• [Instructions for the task]
Could you return every line of the material that contains the word "شهدا"?

Content starts

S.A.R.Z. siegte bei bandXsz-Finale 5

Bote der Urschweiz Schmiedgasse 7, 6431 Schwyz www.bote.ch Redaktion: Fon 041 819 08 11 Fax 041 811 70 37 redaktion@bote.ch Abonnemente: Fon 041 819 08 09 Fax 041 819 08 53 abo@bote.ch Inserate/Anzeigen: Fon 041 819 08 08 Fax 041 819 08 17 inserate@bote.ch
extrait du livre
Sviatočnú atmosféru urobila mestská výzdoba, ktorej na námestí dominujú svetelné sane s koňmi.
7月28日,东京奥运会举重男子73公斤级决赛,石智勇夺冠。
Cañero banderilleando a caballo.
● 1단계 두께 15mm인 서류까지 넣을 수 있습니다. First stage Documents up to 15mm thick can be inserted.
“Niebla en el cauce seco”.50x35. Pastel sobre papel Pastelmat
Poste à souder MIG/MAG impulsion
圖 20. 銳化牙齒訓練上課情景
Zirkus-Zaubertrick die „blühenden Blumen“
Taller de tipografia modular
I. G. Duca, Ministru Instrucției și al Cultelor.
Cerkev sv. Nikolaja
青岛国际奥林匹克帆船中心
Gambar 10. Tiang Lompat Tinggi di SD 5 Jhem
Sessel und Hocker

Content ends
Content starts

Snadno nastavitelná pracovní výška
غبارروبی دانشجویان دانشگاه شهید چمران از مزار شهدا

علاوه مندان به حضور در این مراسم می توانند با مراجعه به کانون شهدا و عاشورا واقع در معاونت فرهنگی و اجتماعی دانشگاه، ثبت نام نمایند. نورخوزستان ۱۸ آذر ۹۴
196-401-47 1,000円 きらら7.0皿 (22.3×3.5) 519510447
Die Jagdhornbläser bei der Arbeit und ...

Content ends

• [Reply]
غبارروبی دانشجویان دانشگاه شهید چمران از مزار شهدا
علاوه مندان به حضور در این مراسم می توانند با مراجعه به کانون شهدا و عاشورا واقع در معاونت فرهنگی و اجتماعی دانشگاه، ثبت نام نمایند. نورخوزستان ۱۸ آذر ۹۴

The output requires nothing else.